Сепаратист - Матвей Геннадьевич Курилкин
Я чуть-чуть смещаюсь в сторону — это даже не заметно для окружающих, потому что рубаха на мне просторная. Я не вижу пуль, но чувствую, как нужно встать, чтобы у жандармов ничего не получилось. Проблема только в том, что мне не нужно, чтобы у них СОВСЕМ ничего не получилось. Я замираю на месте. Время возвращается к своей обычной скорости. В самый последний момент, я слышу громкий и жалобный крик. Узнаю голос — это домина Петра. От неожиданности я слегка дергаюсь, тело взрывается болью, меня отбрасывает на стену, я медленно сползаю и валюсь на бок, оставляя на кирпичах кровавый след. Да, это определенно не сон. Во сне мне никогда не было так больно.
Все получилось почти так, как я и рассчитывал. Почти. То, что я вздрогнул, принесло свои плоды одна пуля ударила на пару сантиметров ниже, чем я рассчитывал. Пробила грудь почти возле плеча, навылет. Кость не задета. Легкое, вроде бы тоже. Это самая серьезная рана, гораздо серьезнее, чем я рассчитывал. С остальными прошло, как и задумывалось. Две чиркнули по ребрам, и одна слегка задела плечо, буквально царапина.
Падал я не просто так — завалился направо, чтобы кровь из раны залила всю грудь. Получилось живописно. Вот только больно просто адски, и сознание терять нельзя. Рано еще.

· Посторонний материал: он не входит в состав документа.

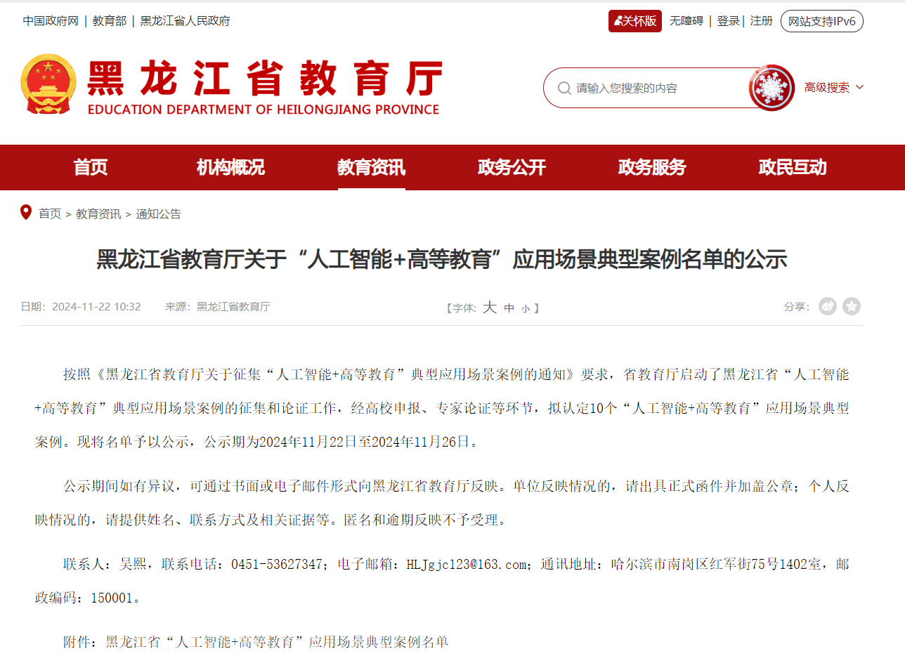 近日,黑龙江省教育厅公布“人工智能+高等教育”应用场景典型案例名单,我校“中俄双语人工智能赋能教师教育数智化平台”案例榜上有名。

Впереди самое сложное. Я лежу с открытыми глазами, смотрю на приближающегося сержанта остановившимся взглядом. Жандарм поднимает револьвер, наводит его в центр лба. Солдату очень неуютно — кажется, что покойник смотрит ему прямо в глаза, так что командир расстрельной команды ощутимо нервничает. Где-то в толпе надрывается в рыданиях женщина. Синемундирнику неуютно. Уже выбирая спуск, солдат вдруг замечает, что расстрелянный ему подмигивает. Солдат вздрагивает, и пуля, вместо того, чтобы войти прямо в лоб, проходит выше, скользит по черепу, разрывая кожу. Солдат этого не замечает. Вокруг головы преступника вспухает очень характерное розовое облачко. Он больше не смотрит в по-прежнему открытые глаза мертвеца, торопливо отворачивается, и машет рукой, чтобы унесли тело.
Двое служек неторопливо подводят к телу лошадь, запряженную в повозку. Разрезают веревки, стягивающие руки за спиной. Не спешат, твари, а ведь я того и гляди кровью истеку. Та рана на плече гораздо хуже, чем мне хотелось. Приходится проявлять чудеса выдержки, чтобы не корчиться от боли. И сознания потерять нельзя. Если сейчас труп расслабится или закроет глаза — это может показаться слишком подозрительно. Еще одного контрольного выстрела я могу и не пережить. Меня начинают заталкивать в мешок. Боль! Эти ребята совсем не стремятся к аккуратности. Мертвецу-то уже все равно! Вот только я — не мертвец, и каждое движение заставляет раны вспыхивать дикой болью. Нет, нужно было все же соглашаться на опий, когда предлагали. Побоялся, дурак, затуманить рассудок. Пару раз я не выдержал и дернулся. Но повезло — не обратили внимания. Тело погрузили, бесцеремонно бросив в телегу. Очередная вспышка боли — совершенно дикая. Одно хорошо — доски покрыты сеном. Не думаю, что дело в заботе о покойниках. Сено гораздо проще сменить, чем оттирать доски от натекшей крови.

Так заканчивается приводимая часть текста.